Speaker 1:Changing the subject, I think this is the first time I've been here with no one else around. Well, it happens sometimes, he said. But we do keep schedules on the chalkboard. So how did you guys meet? Well, we knew each other from around the group and then this apartment formed after the summer. This past summer you mean Really, I would never have guessed. You all seem so, I don't know organized A lot of apartments form after the summer. Then, after a momentary pause, he turned the subject back to me. So how are things in your therapy going? I guess he saw our shift in my posture because he quickly added I know it sounds strange me asking you about therapy and all but around here we talk about our sessions all the time, especially during a house meeting, but if it feels weird to you, that's okay.
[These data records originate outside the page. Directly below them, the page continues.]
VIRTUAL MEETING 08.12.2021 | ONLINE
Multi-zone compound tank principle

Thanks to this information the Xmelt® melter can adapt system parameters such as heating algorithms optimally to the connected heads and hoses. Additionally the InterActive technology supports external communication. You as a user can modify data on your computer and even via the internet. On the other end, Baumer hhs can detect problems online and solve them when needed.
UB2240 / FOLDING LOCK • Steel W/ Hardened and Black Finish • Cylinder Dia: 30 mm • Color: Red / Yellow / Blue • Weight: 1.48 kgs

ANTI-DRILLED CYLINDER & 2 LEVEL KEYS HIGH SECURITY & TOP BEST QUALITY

Speaker 1:Jackson had moved to the table to sit next to me. His sandwich lay half eaten on the countertop. He reached for my hand and said you know, cora, remember when we were trying to make all those dates and I couldn't find free time? I want you to know. I really wanted to see you, but I'd made those other dates weeks ago and I couldn't change them. It's really frowned upon here.
Speaker 1:At that moment I realized I had mistaken his commitment to the group as disinterest in me. I said I understood, but I really didn't, because it didn't make sense to keep dates with one person when you'd rather be with someone else. But then he asked me to stay with him that night and it didn't matter anymore what I thought. Can you do that? Don't you have somewhere to go? I asked incredulously. I wouldn't have asked if I did Listen. He said let's make some dates right now.
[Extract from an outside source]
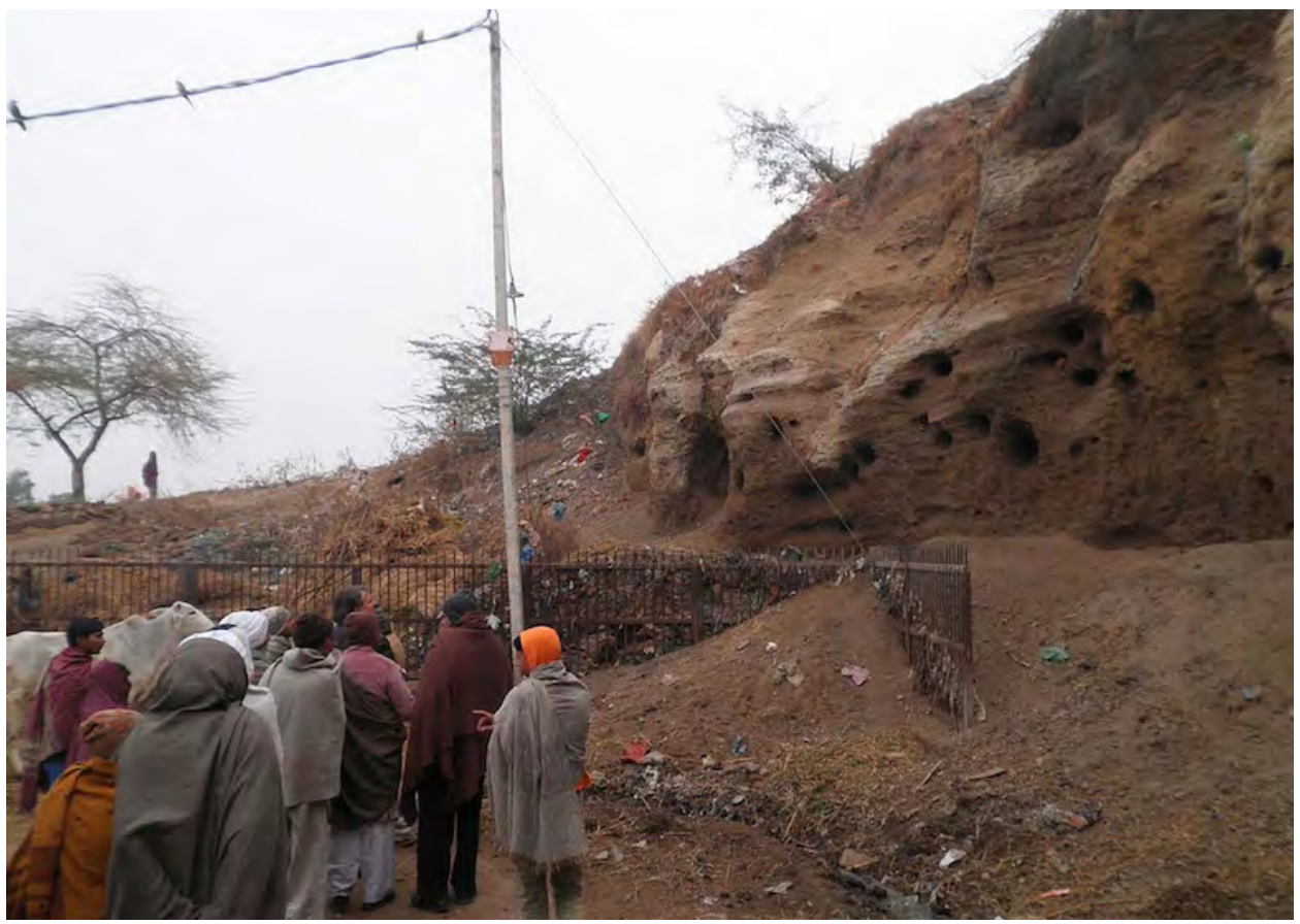
This mount has been dug into both for saleable items and to accommodate the construction of a road.

If preserved and excavated, Rakhigarhi can teach the world about the Indus, whose ancient history rivals the Egyptians, Mesopotamians and Mayans in terms of global significance. Easily accessible from India's capital, the site also has potential as a major ecotourism site, which would create jobs, diversify industry in the villages around Rakhigarhi, and enable key improvements in the areas of sewage and drainage, sanitation and solid waste management, roads and electrical improvements, and other forms of infrastructure.

Speaker 1:Okay, then he grabbed his date book, a small green leather bound affair, from where it was lying on the countertop between the boxes of rice krispies and frosted flakes and Cheerios. He popped off the rubber band and quickly thumbed through the pages. How about this Sunday night and the following Wednesday? But that will have to be late. Can you come here?
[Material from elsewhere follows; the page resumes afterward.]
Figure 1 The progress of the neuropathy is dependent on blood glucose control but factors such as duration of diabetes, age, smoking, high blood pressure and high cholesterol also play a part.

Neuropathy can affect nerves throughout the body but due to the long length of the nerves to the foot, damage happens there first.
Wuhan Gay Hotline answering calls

Speaker 1:He went on and on ruffling some more pages and in five minutes we'd made a month of dates which he jotted down on a paper napkin for me. He leaned in and he kissed me, and then he took my hand and smiled Don't you think it's time for you to get a date book of your own? He asked, laughing. Then, still holding my hand, he pulled me towards him and we kissed again longer and deeper, and moments later we were in his room, shutting the door behind us. I didn't know it at the time, but Jackson was being pressured by his roommates and his therapist to bring me into the group. I understood this firsthand years later, when I had a boyfriend outside the group and I became the target of my own apartment's wrath. But in that moment ignorance was bliss and I was unaware of how dearly I would pay for this wondrous feeling, nor that I was losing myself to the hive.